Here’s a story my conservative friend in Milwaukee has been haranguing
me about for awhile now. So I looked it up, and
oops, he’s wrong again. Big surprise.
And the conservative source taking my Republican friend to
task for his reason to hate Obamacare? The National Review. No summary from me,
the story speaks for itself, but it does show how conservatives will try to
politicize everything, even the life of a ten year old girl:
Mona Charen: The parents of ten-year-old Sarah Murnaghan have made her an Internet and cable-news celebrity in a desperate effort to get her on the adult list for a lung transplant is completely understandable.
The story, however, has loosed a torrent of demagoguery — some of it coming from the very people who should be most alarmed about the politicization of cases like Sarah’s and of health care generally. Talk radio and TV have been ringing with strident and even hysterical accusations that HHS Secretary Kathleen Sebelius is “letting this little girl die,” or “choosing who will live and who will die.” Some are linking Sebelius’s supposed callousness to the terrible, politicized rationing of health care that Obamacare will inaugurate.
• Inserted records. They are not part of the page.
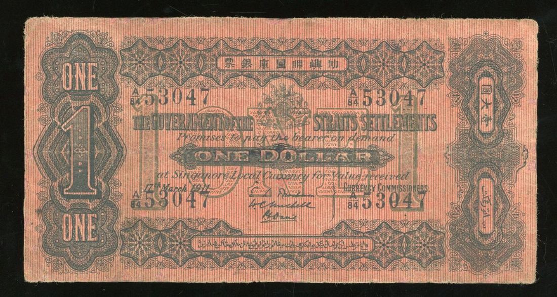 Government of The Straits Settlements, $1, 17.3.1911, serial number A/84 53047, (Pick 1b), Very Fine condition
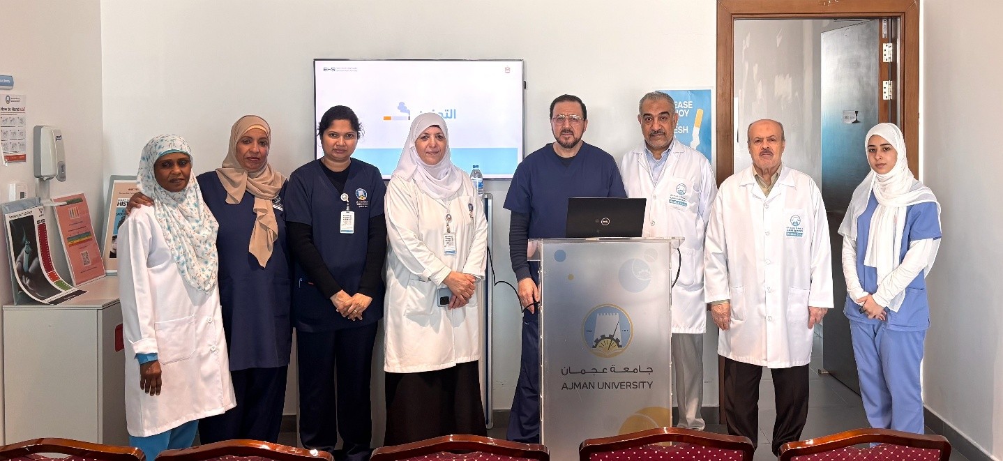 The Office of Medical Services, in collaboration with Emirates Health Services – Al Hamidiya Medical Centre, launched the Quit Smoking Challenge Campaign to support community members in adopting healthier, smoke-free lifestyles. The campaign began with an awareness session delivered by Dr. Samer Mohieldin Nehlawi at the Medical Clinic, where participants were encouraged to take a Breath Carbon Monoxide Test to assess their smoking levels and track progress. |
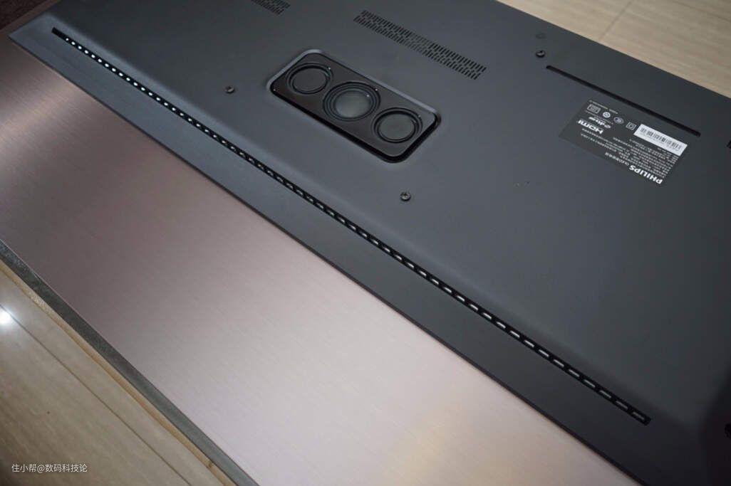 导引孔主要集中在电视的上侧,这使得其声场的覆盖范围变得更宽,并且双声道立体声的效果很好。
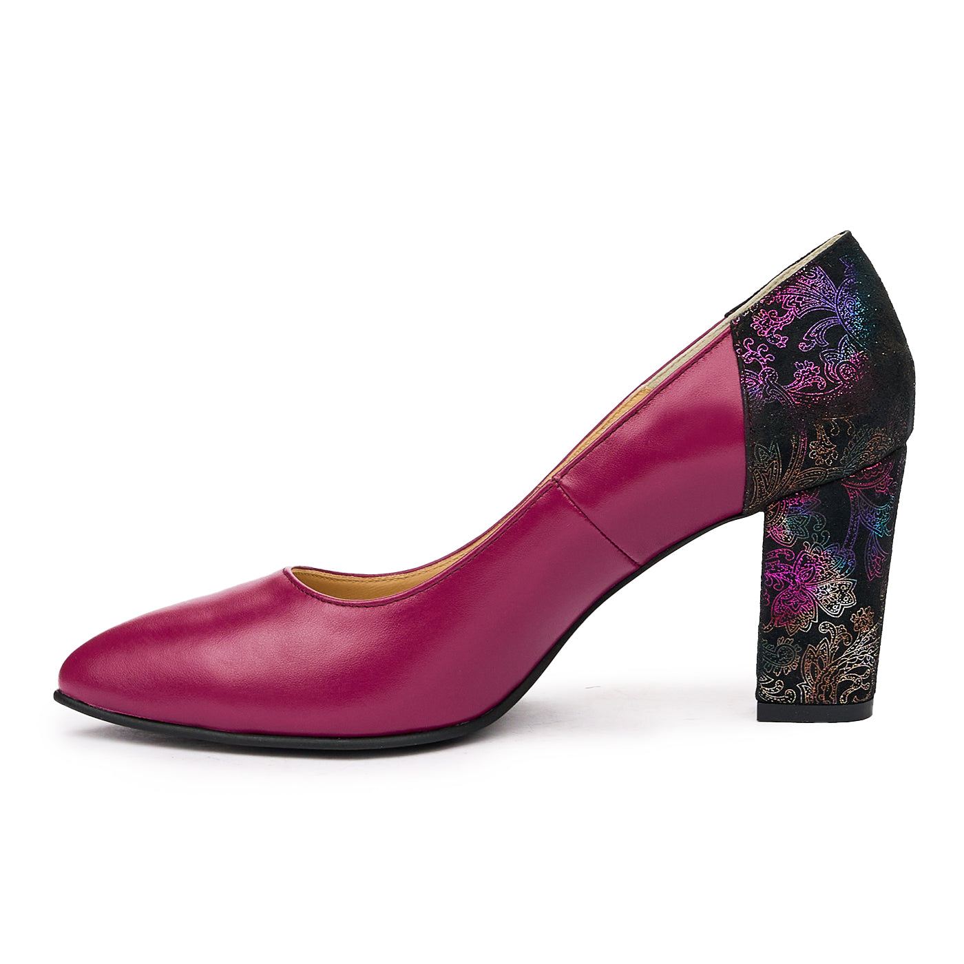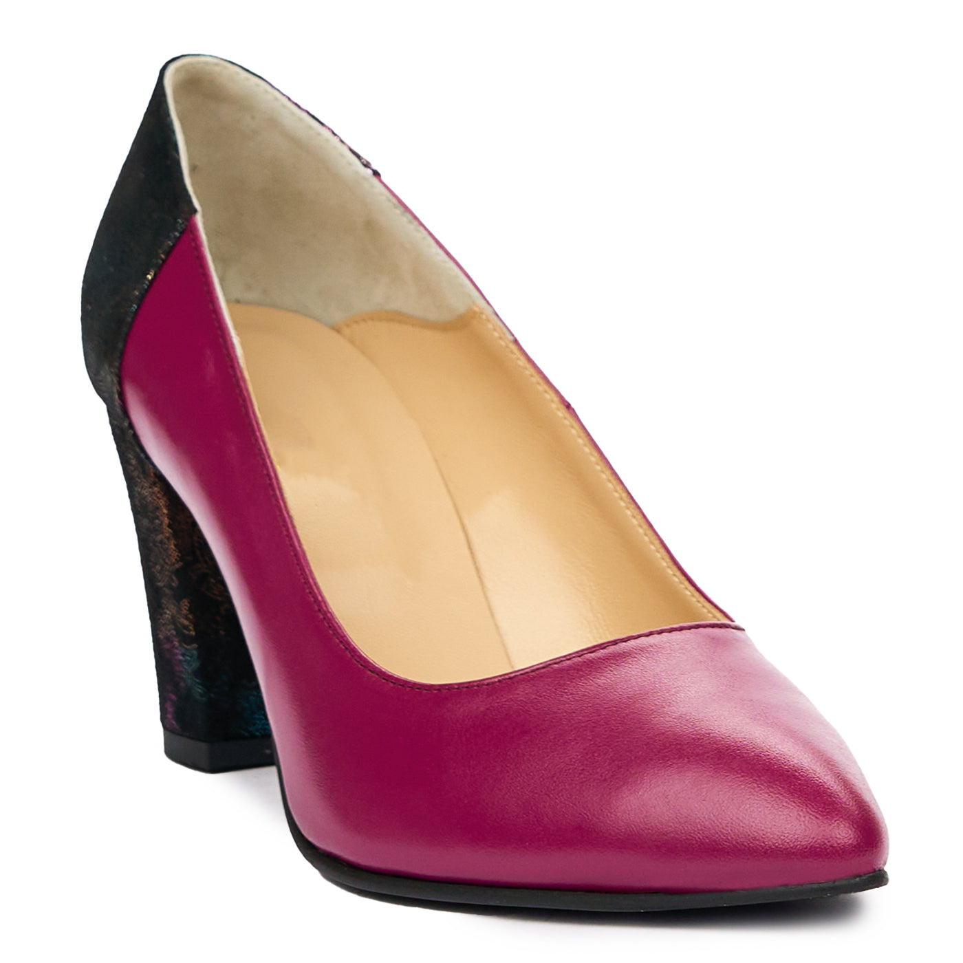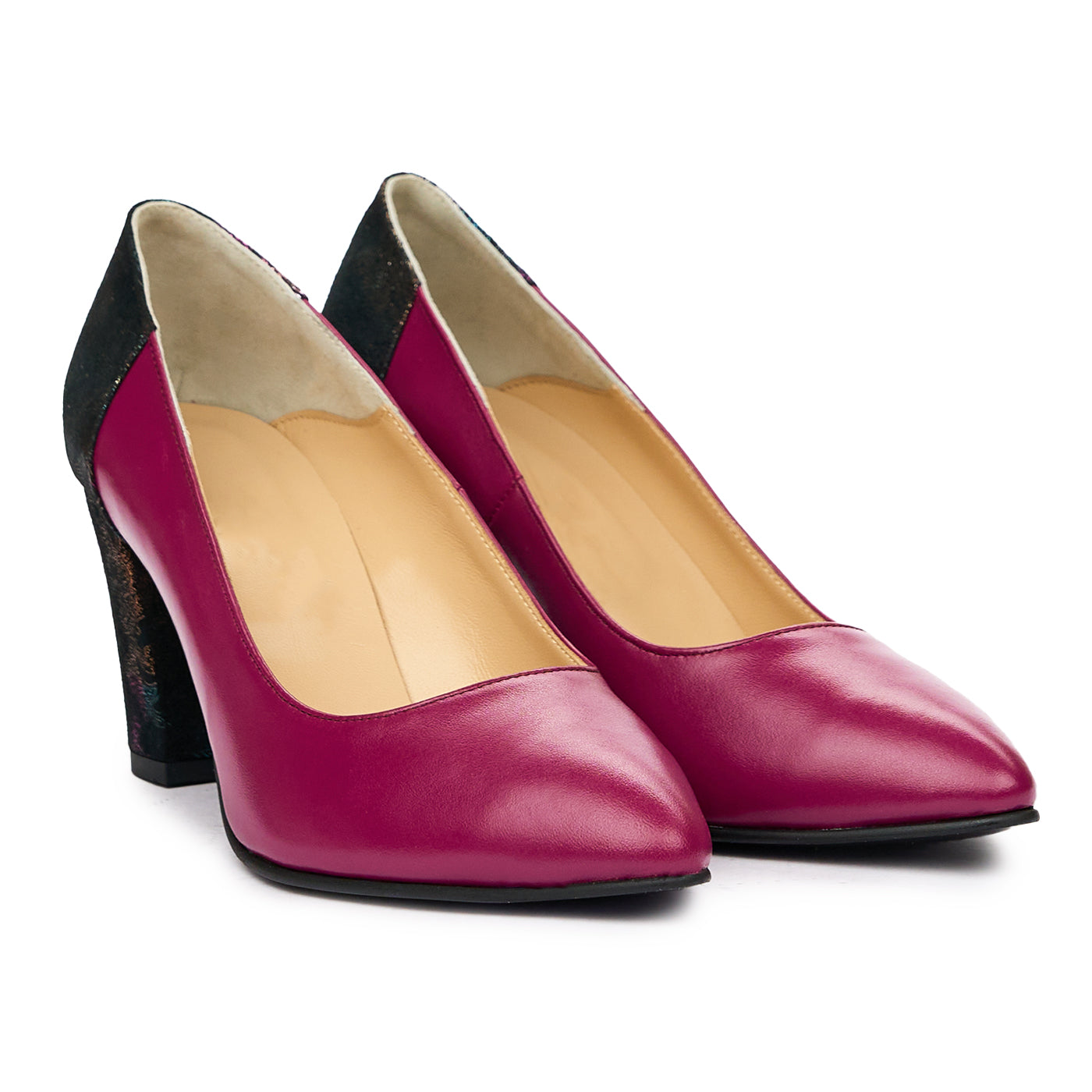 Pantofi dama cu toc gros din piele naturala mov

This is all backwards. The people calling upon Sebelius to intervene and grant a waiver from the usual rules regarding children and transplants are the ones urging the politicization of medical care — at least in this case. They would be the ones responsible for setting a terrible precedent. The lesson would be this: If you can muster public pressure through social media, the press, and politicians, your loved one can get an advantage over others waiting for a lung or kidney or liver. Photogenic patients or those with media-savvy or even politically well-connected relatives would go to the head of the line. That is exactly what conservatives ought to fear.
It may well be that the rules about eligibility for lung transplants need an overhaul. As Sebelius noted, 222 people are waiting for lung transplants in Sarah’s region alone, including six children aged ten and younger. Nationally, about 1,700 people are waiting for lung transplants, including 31 children ten and younger. Lung transplants are very high risk — only 50 percent of recipients survive longer than five years.
Deciding who among the desperately sick should get a lung or other organ when they become available is managed by a nonprofit called the United Network for Organ Sharing.
The following point made me think of time when an opponent of
Obamacare takes Sebelius’ place, and politicizes who gets treatment and who
doesn't…for real.
Sebelius has agreed to order a review of the policy that separates pediatric and adult cases, but those pressing her to help one particular patient are corrupting the system. This kind of politicization of medical care is one of the chief objections to Obamacare. Kathleen Sebelius isn’t in control of whether Sarah Murnaghan lives or dies. But if Obamacare is fully implemented, she and her successors will have such power over all of us.